Women need more time for changes in pension age – SAGA

Raising Women's Retirement Age to 65 Years by 2018  is Unfair, Says Saga

Raising Women’s Retirement Age to 65 Years by 2018 is Unfair, Says Saga

Charity Saga’s Director General Ros Altmann has said she supports the government’s move to raise retirement age for women since life expectancy has gone up. However, she believes that the government should be fair with the changes and give sufficient time to people to prepare for the proposed future amendment.

“Six years’ notice of up to a two-year delay in pension age clearly does not provide time to make alternative arrangements”, said Ms Altmann about the government’s current deadline.

“Saga has been inundated with letters and emails from women who are distraught and angry about the unfairness of the Coalition Government’s proposed changes to their state pension age. They have asked us to help explain to the government why these proposals are unfair”, she said explaining public anguish.
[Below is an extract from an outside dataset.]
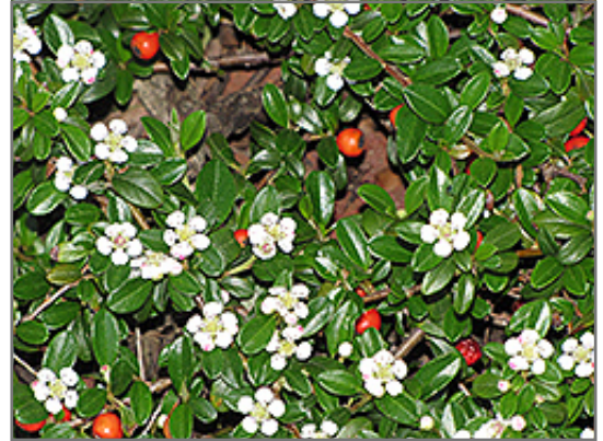
Coral Beauty Cotoneaster fruit

This plant is not reliably hardy in our region, and certain restrictions may apply; contact the store for more information.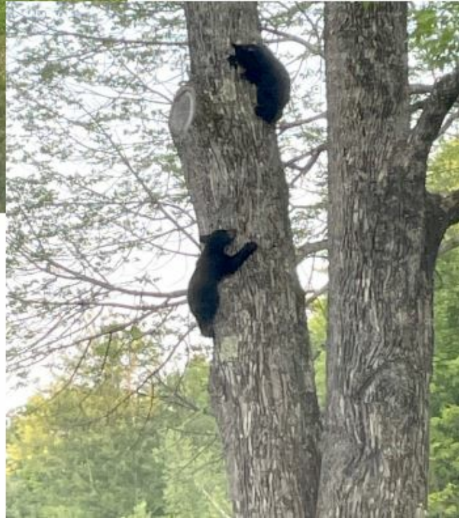
Bears Visit the Hoffmans

“These women cannot understand why they have been singled out to bear the brunt of long-term cost savings on state pensions. Saga does not understand this either”, she added.

Saga’s assertion comes after the government announced in October last that women’s retirement age will be brought at par with men’s at 65 years, effective 2018.

The proposed implementation of women’s retirement age in 2018 is two years early than previously proposed by the present government after it came to power in June last year. The government had then announced to equalise women’s retirement age with men’s by 2020 and raise it further to 66 years in 2026.

According to Ms Altmann, these women, who are in their late 50s are upset because they do not have sufficient time to make alternate arrangements for the thousands of pounds lost in state pensions due to the extension of retirement age.

Ms Altmann said she hopes her briefing will help MPs to respond to constituents and prepare them better to participate in debates on the forthcoming Pension Bill.

However, there are rumours that the Department of Works and Pensions (DWP) may take a U-turn and return to the previously proposed 2020 deadline citing 2018 as too early. They may also propose an alternative plan.

A DWP spokesman refused to comment on the issue.